Finance Minister Colm Imbert expected to have an answer late on Tuesday about whether or not it is legal or illegal for businesses to refuse to accept old $100 notes. Imbert told the Senate he was awaiting advice from two senior counsel on “whether you can compel somebody to take a particular note.”
Imbert was responding to questions from Opposition Senator Wade Mark. who asked what arrangements the government had put in place to address this problem. He said as Finance Minister, he would ask the Central Bank governor see what arrangements can be made for merchants who wish to turn in old notes close to the end of the year. “I am being advised, because it’s a bit of a complicated matter, but that is the plan,” he told the Senate.
Since the introduction of a new polymer $100 bill was announced last Thursday, some businesses have said they will not accept the old paper-based $100 bill because it was inconvenient.

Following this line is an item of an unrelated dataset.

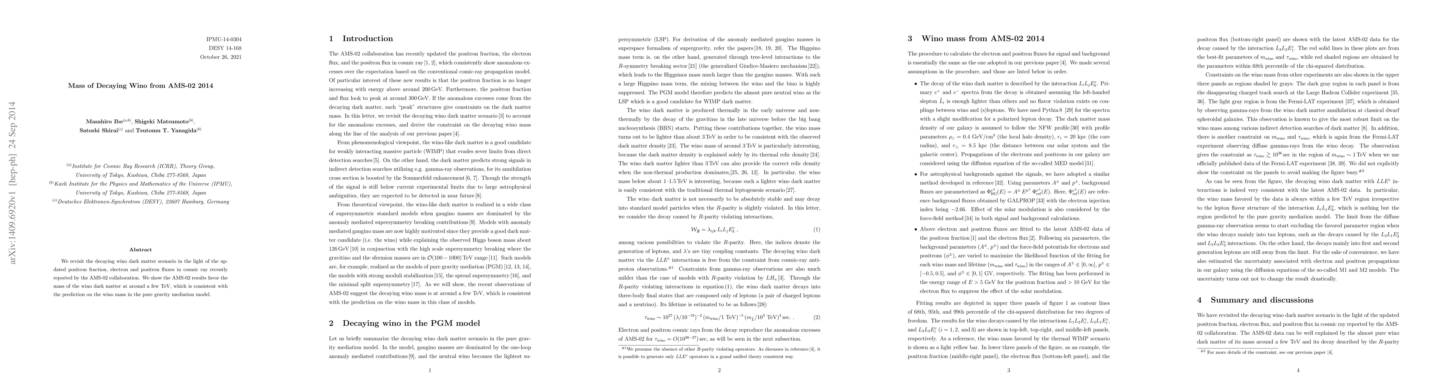 We revisit the decaying wino dark matter scenario in the light of the updated positron fraction, electron and positron fluxes in cosmic ray recently reported by the AMS-02 collaboration. We show the AMS-02 results favor the mass of the wino dark matter at around a few TeV, which is consistent with the prediction on the wino mass in the pure gravity mediation model.

The new bills were made available from Tuesday through commercial banks. Customers arrived at banks from early on Tuesday morning, with long queues extending well beyond branch doors. Mark, in his supplemental question, specificially asked if it was legal or illegal for businesses to refuse notes offered.
“Can businesses automatically, whimsically refuse $100 bills?” The exisiting cloth/paper note is legal tender, Imbert said, and will be until December 31. Legal tender, as defined by the Oxford English Dictionary, refers to coins or banknotes that must be accepted if offered in payment of a debt. “The issue is whether in a private transaction, because it’s a transaction between two private parties, whether you can compel somebody to take a particular note. For example, a person may not have change.

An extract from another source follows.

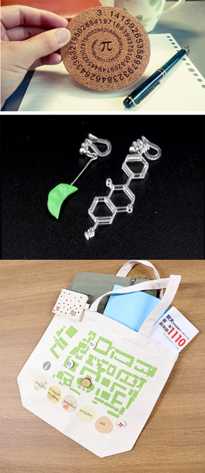 上から順に、円周率コースター、イソフラボンイヤリング、 京大トート。イベントでの販売の他、一部の商品は時計台生協ショップや京都大学総合博物館でも販売している

“I am being advised and I think I will receive proper legal advice later in the afternoon,” Imbert said. He said the two senior counsel will advise based on other jusridictions which have engaged in demonetisation (removing a currency from circulation). “But I want to stress it is a private transaction between a private individual and we have to look at that and see.” He also noted the Attorney General advises the government on legal matters. “I don’t want to step out of my crease and give a definitive answer at this point in time,” he said.

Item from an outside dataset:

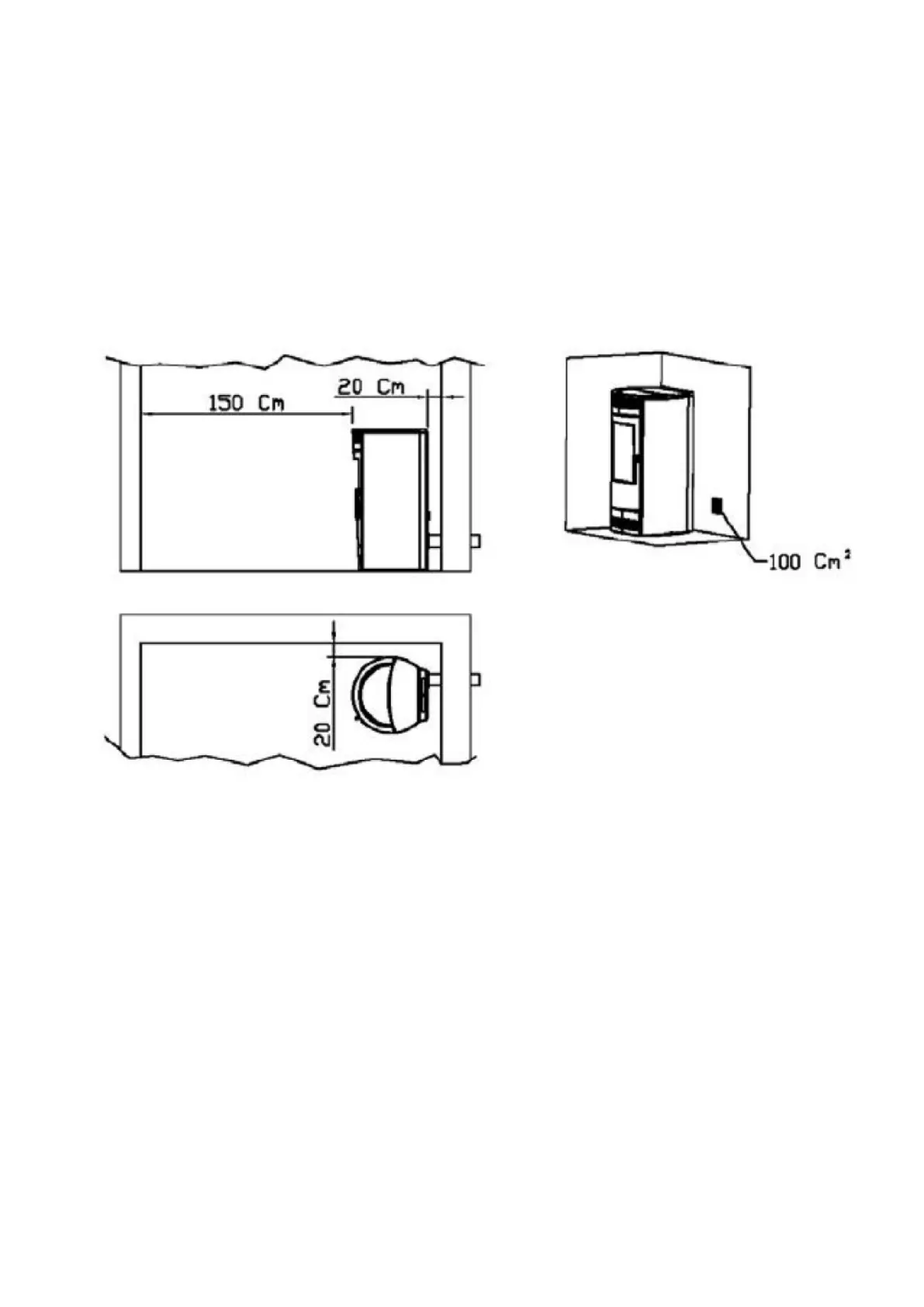 La estufa debe instalarse respetando las distancias mínimas previstas y verificando que se cumplan todas las distancias

Newsday contacted the Office of the Financial Ombudsman, which said refusing legal tender was “incorrect,” and while that office dealt with complaints from the public aboutfinancial institutions, suggesed any complaint or query should be taken to the Consumer Affairs Division or a chamber of commerce. The Consumer Affairs Division, a unit of the Ministry of Trade, did not immediately respond to a request for comment.